Figure 2Word clouds (a, b) and drawn images (c, d) from both before (a, c) and after (b, d) experiencing the soundscape.


4.1 Quantitative linguistics

Quantitative linguistics investigates language using statistical methods and has uncovered several linguistic laws that mathematically formulate the empirical properties of languages. One of these is Zipf's law, which states that the frequency of words is approximately inversely proportional to their rank (where the more often a word is used, the higher its rank, i.e. closer to 1; Zipf1935, 1949). An alternative way in which this law is stated is that the statistical distribution of word ranks follows a power law with an exponent that is typically quoted as −1. Zipf's law holds well for almost all languages and many other human-created systems (Piantadosi2014). The Zipf exponent, however, can vary and is a measure of the diversity of words. Baixeries et al. (2013) showed that children's Zipf exponents become less negative/shallower with age, demonstrating an increasing variety of language and, thus, linguistic complexity as they develop. However, we are not aware of Zipf's law being exploited in a public engagement evaluation before.

Figure 3 shows the rank frequency plots of the textual responses to the soundscape before and after the experience. This particular analysis, thus, omits any purely pictorial responses. Ties in ranks have been accounted for by using standard competition ranking (also known as the “1224” ranking, where a gap is left following the tie). It is clear from these plots that the distributions follow broken power laws (apart from the top word which is of similar frequency before and after). Break points and exponents have been ascertained by a piecewise regression (see Appendix A). Interestingly, the breaks in the two data sets occur at similar ranks, namely ∼2–3 and ∼9–10. We are not concerned with the specific values of the Zipf exponents, which could depend on the demographics of the participants, but simply whether they changed from before to after and in what sense. The exponents in the higher rank segments show clear differences – the after data set exhibits a much shallower exponent. The lowest ranked segments are, in contrast, consistent with one another. The top 10 ranks constitute 62±2 % of the words before and 45±3 % after, making the two entire distributions significantly different (p=8×10-11 in a two-sample Kolmogorov–Smirnov test; see Appendix A). The overall result is that there was an increased diversity of words resulting following the soundscape. We interpret this positive impact as signifying that the participants engaged with and reflected on the stimulating experience afterwards rather than continuing to draw from common associations concerning space, which they likely did beforehand. We have, therefore, demonstrated language change in participants resulting from a public engagement activity through the novel usage of Zipf's law applied to graffiti wall responses.
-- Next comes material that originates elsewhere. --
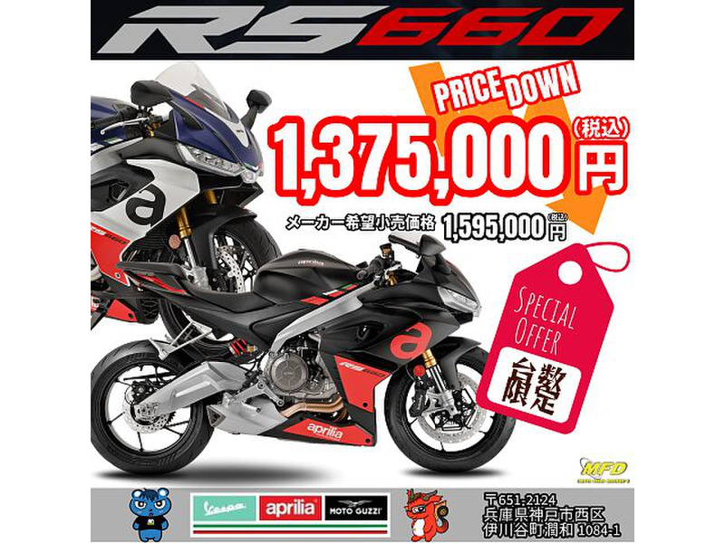 アプリリアRS660 2023年式【RACING BLACK】は、軽量かつ高性能なミドルクラススポーツバイクです。優れたハンドリングとパワフルなエンジンにより、サーキットから街乗りまで多彩なシーンに対応。特にブラックのカラーリングがスポーティさを引き立て、洗練されたデザインも魅力です。世界中のライダーから高評価を受けており、シャープなコーナリング性能と快適な乗り心地が好評です。初心者から上級者まで満足できる一台として、多くのファンに愛されています。最新技術を駆使し、走行性能と安全性も向上しています。レース仕様の性能を持ちながら、スタイリッシュな外観と高いコストパフォーマンスを兼ね備えたRS660は、次世代のバイクライフを約束します。

Figure 3Log–log rank frequency plot of words before (orange) and after (blue) the soundscape. Power law exponents from a piecewise linear regression are indicated. Uncertainties refer to standard errors.


4.2 Thematic analysis

Thematic analysis (Braun and Clarke2006) was used to analyse the meaning behind both textual and drawn responses. This finds patterns, known as qualitative codes, in the data which are then grouped into broader related themes. Instead of using pre-determined codes, the analysis drew on grounded theory (Robson2011; Silverman2010), allowing the themes to emerge from the data, as outlined in Appendix B. This more exploratory and data-driven approach enables unexpected outcomes and impacts (whether positive or negative) to come to light, rather than analysing the qualitative data only through a particular lens based on specific intended outcomes. The main themes and underlying (typically antithetical) codes determined by the first author are given in Table 1.

Table 1Themes and underlying qualitative codes in the thematic analysis.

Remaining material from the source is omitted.